The clustering may be performed by using an estimated DEG. The clustering may be performed by calculating a value of a correlation coefficient (r) by using the estimated DEG.

In an embodiment, the Dir transformation using the index gene may include an operation of calculating a correlation coefficient value of data used to remove a technical variation.

The Dir transformation using the index gene may be performed directly in a single RNA-seq experiment by inputting an absolute value (blood pressure or the like).
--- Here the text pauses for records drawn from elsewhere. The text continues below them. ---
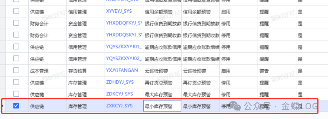 如果物料勾选了【最小库存预警】,并且监控方案里面启用最小库存预警监控服务。当库存数量低于设定阈值时,系统会自动发送消息提示,告知对应的用户。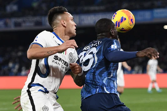 Db Napoli 12/02/2022 - campionato di calcio serie A / Napoli-Inter / foto Daniele Buffa/Image Sport nella foto: Lautaro Martinez-Kalidou Koulibaly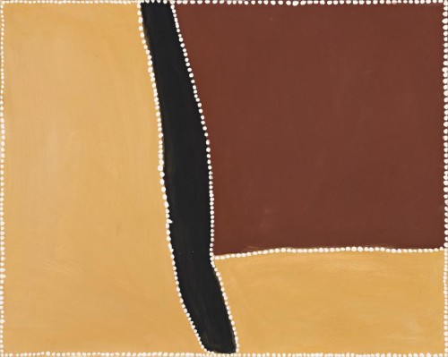 This painting is accompanied by a certificate of authenticity from Waringarri Aboriginal Arts which states: 'This painting goes with one of the verses of the Goorirr-goorirr (Guirr Guirr) coroboree dreamed by Rover when the mother of a man from Doon-Doon was killed in a car accident on the road near Turkey Creek. The woman who died belonged to the Worla tribe. The painting shows the road and country where she was killed. The song for the painting goes: kalimbiwarayi ngoodoo-ngoodoowayi, nyimba yilimbirri.'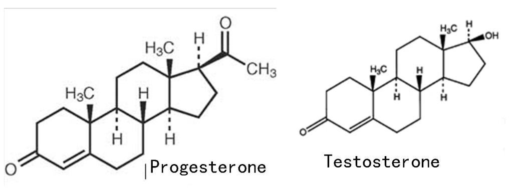This is natural progesterone (left) next to synthetic progesterone (right).
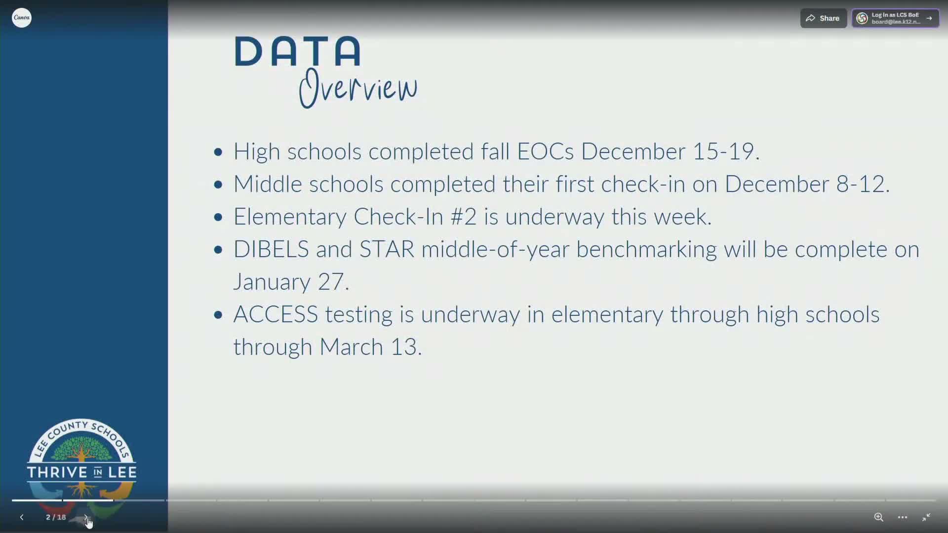 Lee County Schools reports modest gains on interim checks; presenters caution about small samples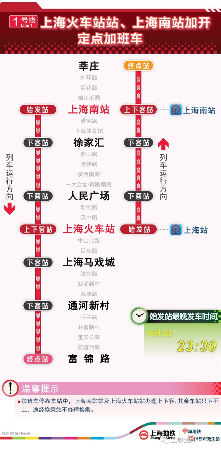 此外為做好節(jié)假日返程期間上海火車站、虹橋火車站、上海南站的夜間客流疏散工作,10月5日,地鐵1號(hào)線在圖定基礎(chǔ)上實(shí)施定點(diǎn)加開方案,加開末班車發(fā)車時(shí)間至23:30;另10月8日地鐵2號(hào)線增加定點(diǎn)加班車班次,加開末班車發(fā)車時(shí)間至次日0:00。

The Dir transformation using the index gene may define a normal range of a disease gene as a constantly narrow range and thus provide information enabling an early diagnosis of a disease.
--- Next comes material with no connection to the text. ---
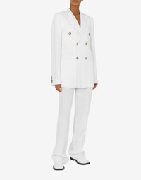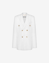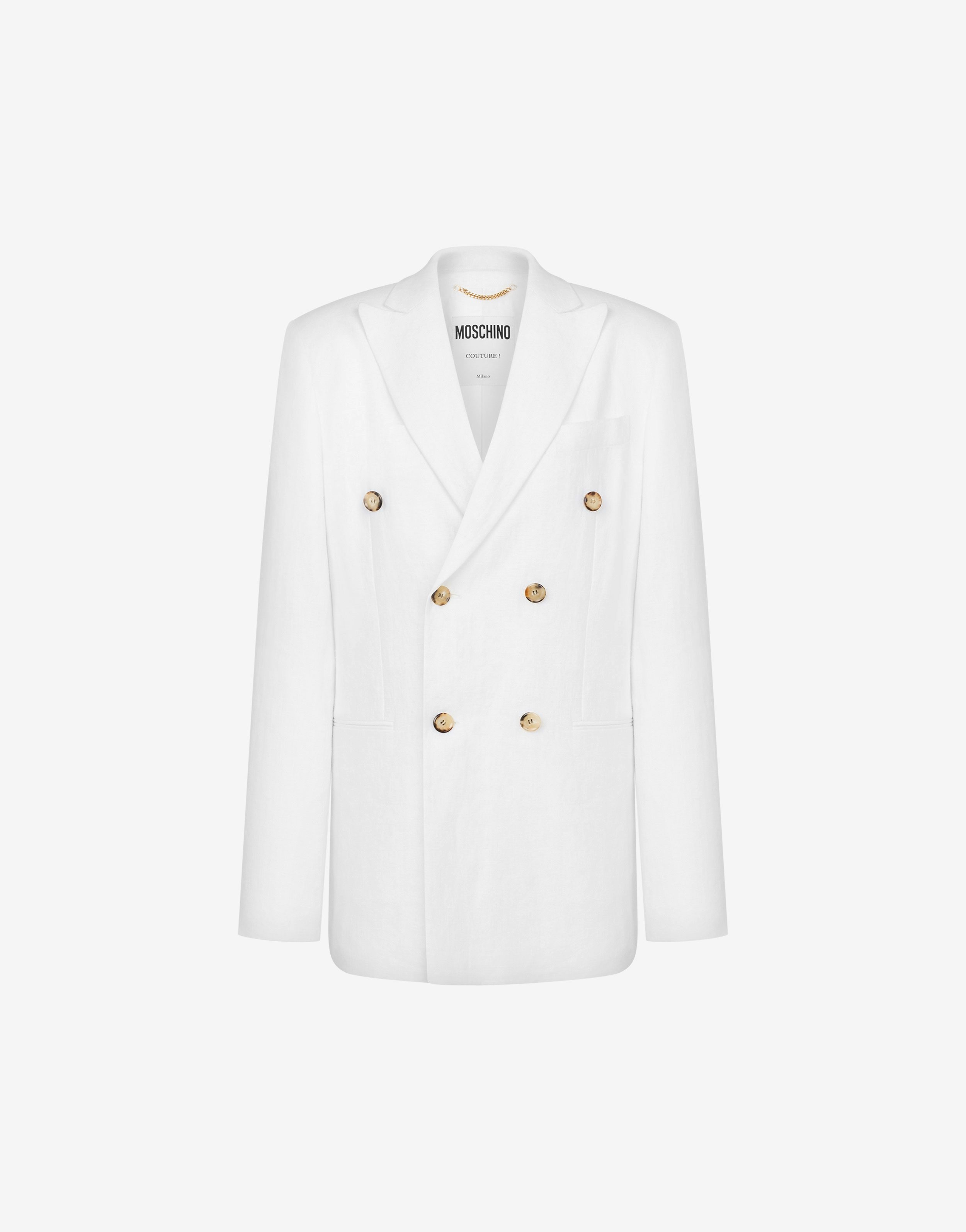DOUBLE-BREASTED LINEN JACKET WITH A STRAIGHT CUT. DECORATIVE ARCHIVE LOGO LAUREL CROWN BUTTON ON THE SLEEVE HEM. RELAXED FIT PEAK LAPEL THREE FRONT POCKETS BUTTONED SLEEVE HEM FRONT BUTTON CLOSURE PADDED SHOULDERS LINED TWO INTERNAL POCKETS FABRIC: 100% LINEN LINING: 60% CELLULOSE ACETATE, 40% CUPRO CODE: AEF251D 050504260001 FIT MODEL BUST SIZE: 80 CM MODEL HEIGHT: 180 CM MODEL HIPS: 89 CM MODEL SIZE: 40 CM MODEL WAIST: 60 CM

The term “disease” used herein refers to a state in which the whole or part of the mind or body is primarily or continuously impaired and thus may not function normally. A disease may appear in chest, liver, thyroid, ears, musculoskeletal system, brain, eyes, legs, gallbladder, colon, lymph, head, neck, foot, abdomen, urinary system, spleen, genitalia, small intestine, hand, nervous system, kidney, cardiovascular system, shoulder, face, stomach, breast, uterus, mouth, spine, pancreas, or the like.

In an embodiment, the disease may be cancer, but is not limited thereto. The term “cancer” used herein refers to a physiological state in an animal generally having a characteristic of abnormal or uncontrolled cell growth. Cancer may be associated with, for example, metastasis, interference with normally functioning surrounding cells, release of cytokines or other secretion products at abnormal levels, inhibition or increase of inflammatory or immunological responses, neoplasia, premalignant, malignancy, surrounding or distant tissues or organs, e.g., lymph node invasion or the like.
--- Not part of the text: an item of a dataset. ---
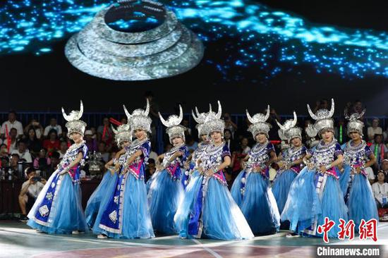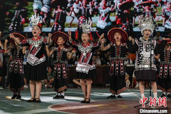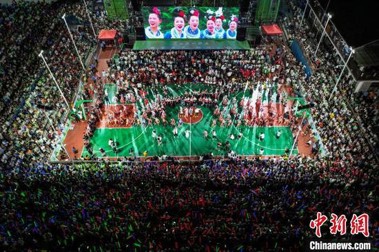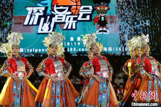 8月19日晚,贵州省黔东南苗族侗族自治州台江县台盘村“村BA”现场上演深山音乐会,为球迷带来了一场音乐和民族文化盛宴。

The cancer may be solid cancer or blood cancer.

As used herein, the term “solid cancer” refers to cancer that has characteristics distinct from blood cancer and includes a lump formed by abnormal cell growth in several solid organs such bladder, breast, intestine, kidney, lung, liver, brain, esophagus, gallbladder, ovary, pancreas, stomach, cervix, thyroid, prostate, and skin.

The solid cancer may be melanoma, brain tumor, benign astrocytoma, malignant astrocytoma, pituitary adenoma, meningioma, brain lymphoma, oligodendroglioma, ependymoma, brainstem tumor, head and neck tumor, laryngeal cancer, oropharyngeal cancer, nasal cavity/paranasal sinus cancer, nasopharyngeal cancer, salivary gland cancer, hypopharyngeal cancer, thyroid cancer, oral cancer, thoracic tumor, small cell lung cancer, non-small cell lung cancer, thymic cancer, mediastinal tumor, esophageal cancer, breast cancer, male breast cancer, abdominal tumor, stomach cancer, liver cancer, gallbladder cancer, biliary tract cancer, pancreatic cancer, small intestine cancer, colon cancer, rectal cancer, anal cancer, bladder cancer, kidney cancer, male genital tumor, penile cancer, prostate cancer, female genital tumor, cervical cancer, endometrial cancer, ovarian cancer, uterine sarcoma, vaginal cancer, female external genital cancer, female urethral cancer, bone tumor, duodenal cancer, fibrosarcoma, or skin cancer, but is not limited thereto.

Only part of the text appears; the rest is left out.